Record set —
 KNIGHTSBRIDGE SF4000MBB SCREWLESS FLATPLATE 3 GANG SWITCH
* * *
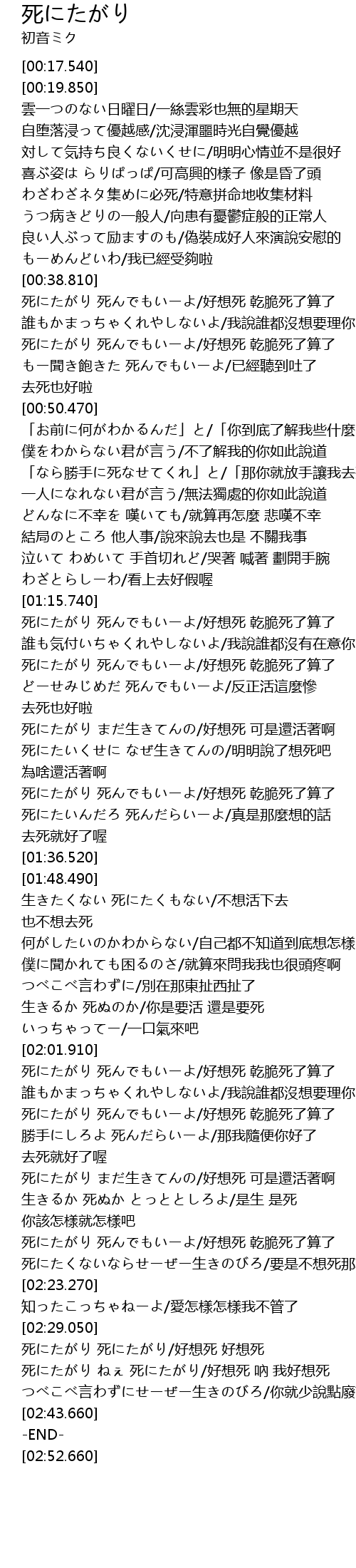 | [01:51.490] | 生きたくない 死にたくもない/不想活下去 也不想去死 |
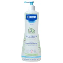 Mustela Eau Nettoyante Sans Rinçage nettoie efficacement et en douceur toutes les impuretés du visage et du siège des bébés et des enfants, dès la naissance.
---
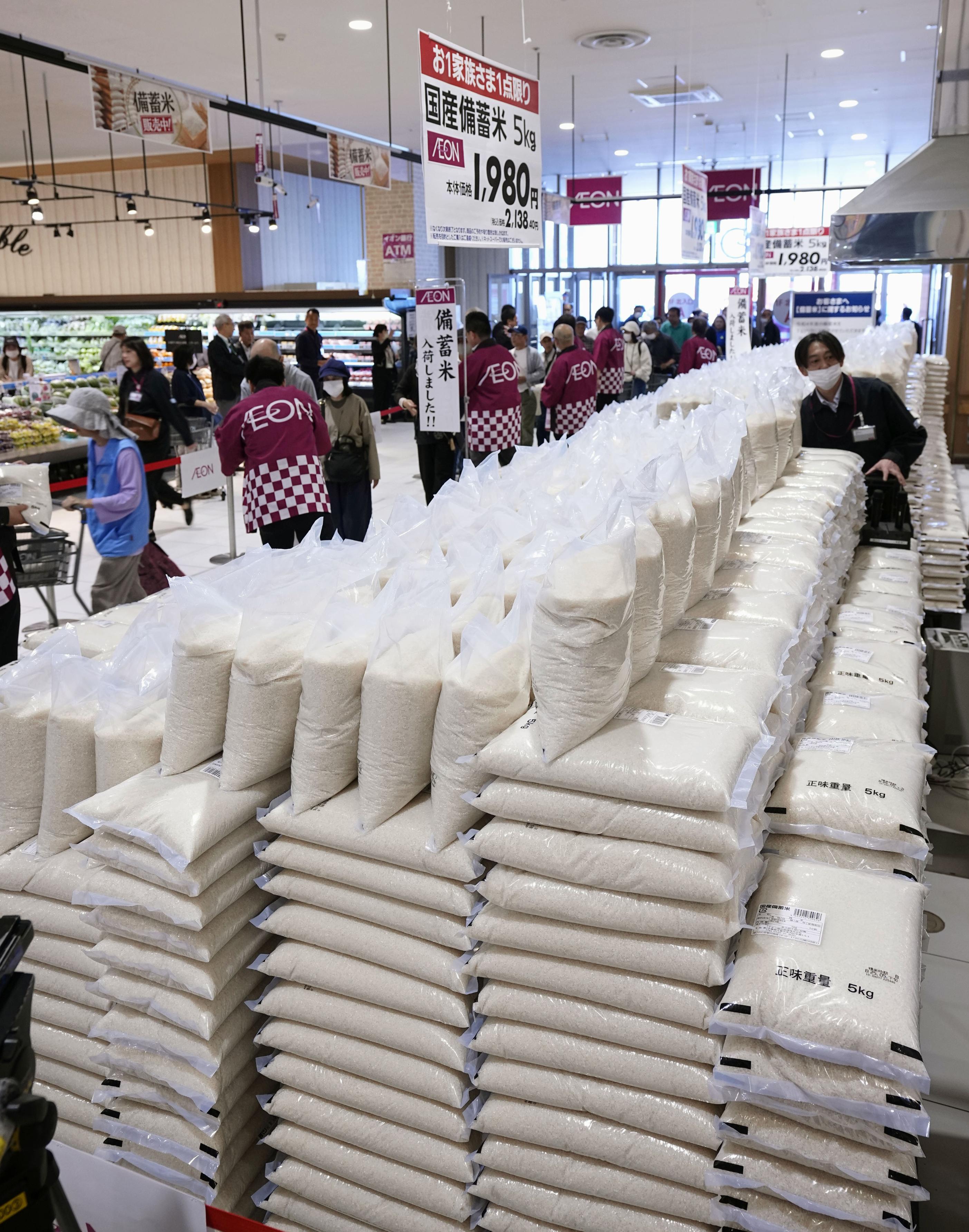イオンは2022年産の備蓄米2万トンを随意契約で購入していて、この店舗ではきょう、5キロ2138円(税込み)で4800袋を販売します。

Exercise prompt — Beginning with the line holding "死にたくもない/不想活下去 也不想去死 |" in the material above, restate word for word each line through the line holding "Mustela Eau Nettoyante", and exclude pictures.

Solution below —
 | [01:51.490] | 生きたくない 死にたくもない/不想活下去 也不想去死 |
 Mustela Eau Nettoyante Sans Rinçage nettoie efficacement et en douceur toutes les impuretés du visage et du siège des bébés et des enfants, dès la naissance.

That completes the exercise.